### ASSIGNED TASK
Repeat exactly the lines below from the line that contains "Mais alors comment" to the last line, inclusive, without the pictures.

■ ■ ■ ■

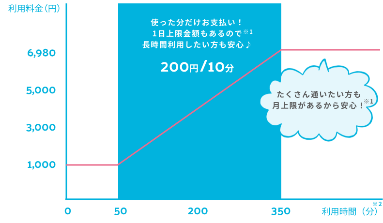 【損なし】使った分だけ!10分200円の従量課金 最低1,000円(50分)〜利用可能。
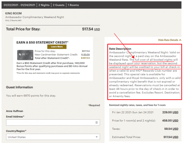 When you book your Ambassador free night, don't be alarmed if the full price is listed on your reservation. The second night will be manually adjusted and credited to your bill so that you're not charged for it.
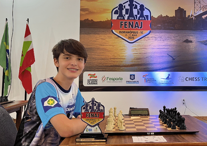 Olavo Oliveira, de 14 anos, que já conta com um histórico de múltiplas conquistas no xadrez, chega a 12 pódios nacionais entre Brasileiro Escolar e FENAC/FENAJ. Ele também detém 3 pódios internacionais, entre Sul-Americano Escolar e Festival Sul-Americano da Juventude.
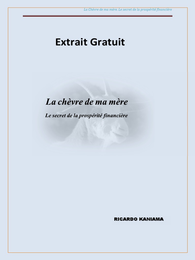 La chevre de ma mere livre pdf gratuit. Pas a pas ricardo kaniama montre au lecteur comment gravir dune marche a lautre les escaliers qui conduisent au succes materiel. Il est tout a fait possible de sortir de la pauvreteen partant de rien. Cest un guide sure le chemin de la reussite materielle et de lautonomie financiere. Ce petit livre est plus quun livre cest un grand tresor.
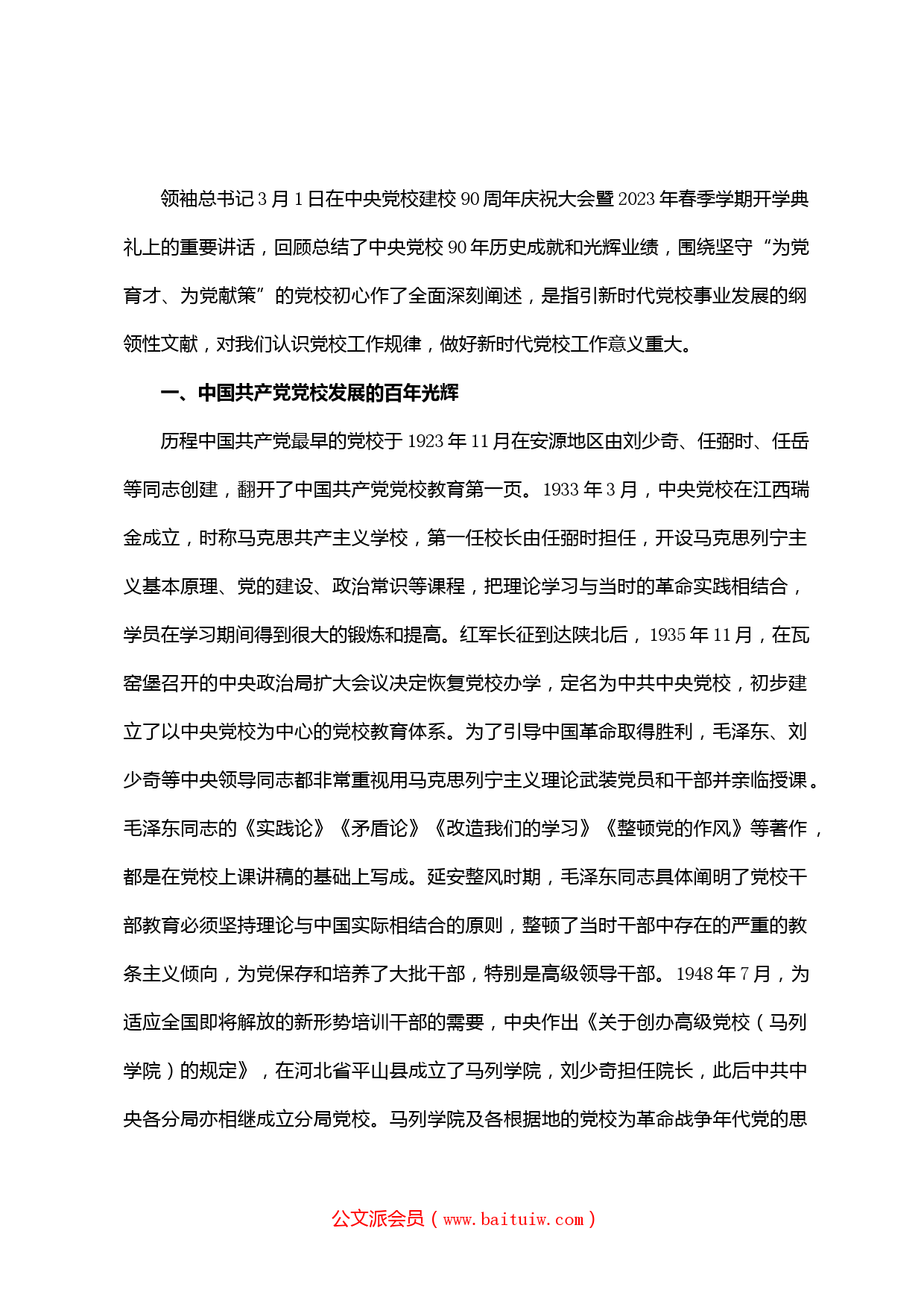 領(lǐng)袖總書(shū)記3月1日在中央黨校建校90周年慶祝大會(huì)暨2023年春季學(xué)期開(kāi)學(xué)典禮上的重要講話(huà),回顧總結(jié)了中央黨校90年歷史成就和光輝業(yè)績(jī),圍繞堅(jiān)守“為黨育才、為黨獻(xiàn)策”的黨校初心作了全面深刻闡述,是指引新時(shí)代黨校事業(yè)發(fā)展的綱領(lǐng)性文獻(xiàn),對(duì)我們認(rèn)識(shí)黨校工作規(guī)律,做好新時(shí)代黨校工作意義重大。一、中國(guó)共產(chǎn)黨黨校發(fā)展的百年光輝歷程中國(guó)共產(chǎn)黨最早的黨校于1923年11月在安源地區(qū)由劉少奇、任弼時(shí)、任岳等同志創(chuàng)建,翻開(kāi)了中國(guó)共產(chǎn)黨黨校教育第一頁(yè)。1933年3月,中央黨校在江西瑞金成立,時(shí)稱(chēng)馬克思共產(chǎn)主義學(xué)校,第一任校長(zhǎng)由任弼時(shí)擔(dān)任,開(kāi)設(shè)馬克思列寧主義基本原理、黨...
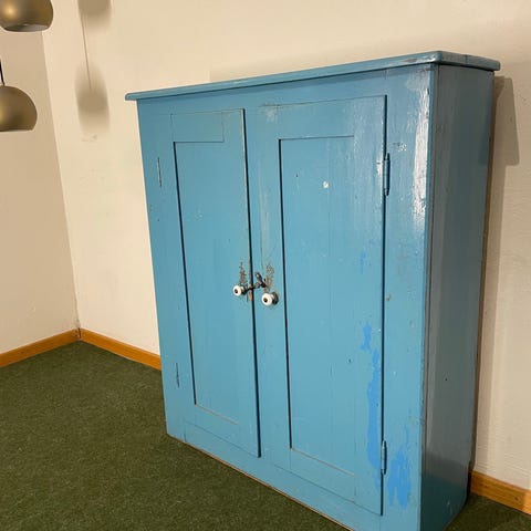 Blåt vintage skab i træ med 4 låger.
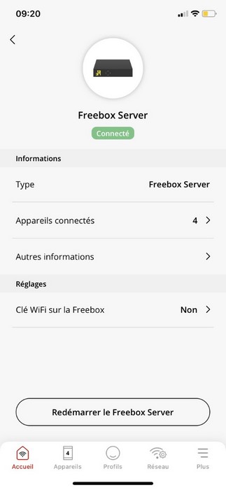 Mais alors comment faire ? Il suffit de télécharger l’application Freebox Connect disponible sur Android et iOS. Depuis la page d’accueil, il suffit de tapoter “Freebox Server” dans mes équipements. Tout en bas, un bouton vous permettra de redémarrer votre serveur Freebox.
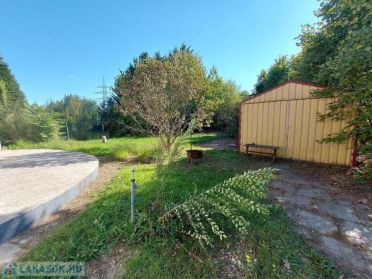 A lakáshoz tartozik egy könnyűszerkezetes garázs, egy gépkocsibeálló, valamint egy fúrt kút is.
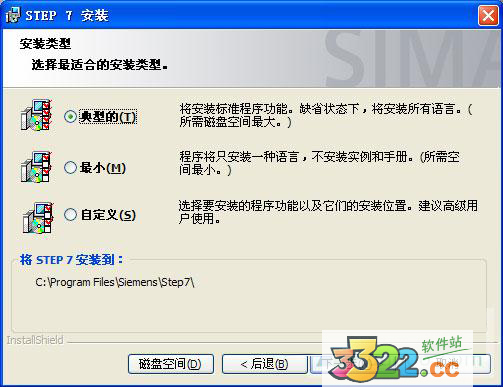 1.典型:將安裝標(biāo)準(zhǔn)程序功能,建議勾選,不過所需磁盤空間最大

■ ■ ■ ■

### ANSWER TO THIS PROBLEM
 Mais alors comment faire ? Il suffit de télécharger l’application Freebox Connect disponible sur Android et iOS. Depuis la page d’accueil, il suffit de tapoter “Freebox Server” dans mes équipements. Tout en bas, un bouton vous permettra de redémarrer votre serveur Freebox.
 A lakáshoz tartozik egy könnyűszerkezetes garázs, egy gépkocsibeálló, valamint egy fúrt kút is.
 1.典型:將安裝標(biāo)準(zhǔn)程序功能,建議勾選,不過所需磁盤空間最大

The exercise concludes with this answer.